In task the theorem needed to be proven is :
If $y = X\beta + w$ with $\beta \sim N(0, t \cdot I_d)$ and $w \sim N(0, I_n)$ then $$E\frac{1}{n}\|X\hat{\beta}_{mean} - X\beta \| = \frac{1}{n}\sum_{i = 1}^n \frac{\lambda_i}{\lambda_i + \frac{1}{t}} $$
where $\lambda_1, ... , \lambda_d \ge 0$ are the eigenvalues of $X^TX$ and $\hat{\beta}_{mean} = E[{\beta} | y]$ (posterior parameter estimation). $\beta = Ay + z$ where $A \in \mathbb{R}^{d\times n}$ and $y$ and $z$ are independent Gaussian distribution and $\beta$ from there is Gaussian as well.

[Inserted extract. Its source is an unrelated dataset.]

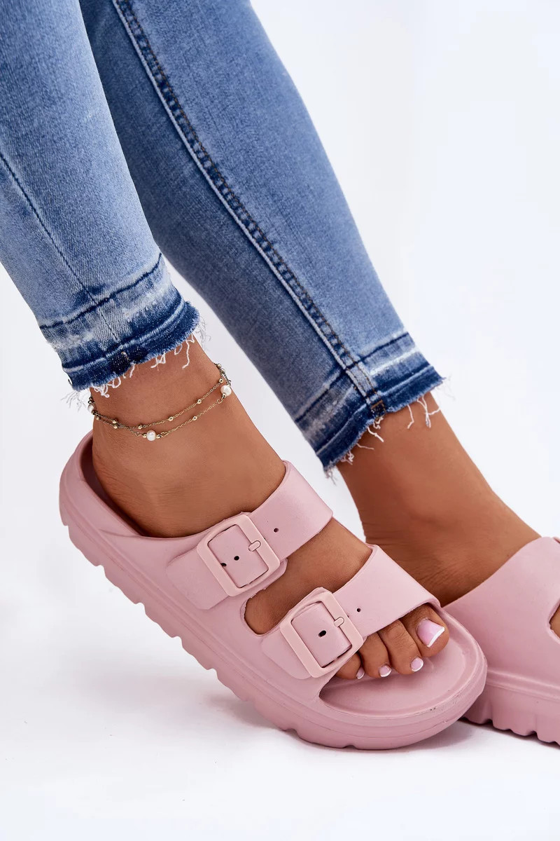 Dámské pantofle z lehkého pěnového materiálu na platformě jsou pohodlnou a stylovou volbou pro každodenní nošení. Zvýšená podešev pomáhá tlumit došlap a zajišťuje stabilitu při chůzi. Růžové provedení působí jemně a svěže, díky čemuž pantofle hezky doplní letní i domácí outfit.
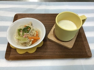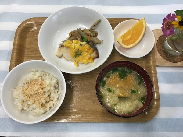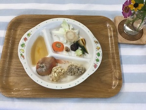<離乳食>(1歳頃)・玄米軟飯・魚のコーンマヨネーズ焼き・五目きんぴら・スティック人参とかぼちゃのだし煮・味噌汁・もも・きな粉<幼児食>・玄米ご飯・魚のコーンマヨネーズ焼き・五目きんぴら・かぼちゃの味噌汁・オレンジ・きな粉<おやつ>・焼きビーフン・牛乳<ベジブロス>

Proof for this goes from some previous corollary which states that $\hat{\beta}_{mean}(y) = B_yy$ and $X\beta - B_ty \sim N(0, B_t)$, where $B_t$ is matrix defined from previous corollary as we said and equals $B_t = X(X^TX + \frac{1}{t}I_d)^{-1}X^T$.
I don't understand how they came up to $\hat{\beta}_{mean}(y) = B_yy$ and covariance in $X\beta - B_ty \sim N(0, B_t)$?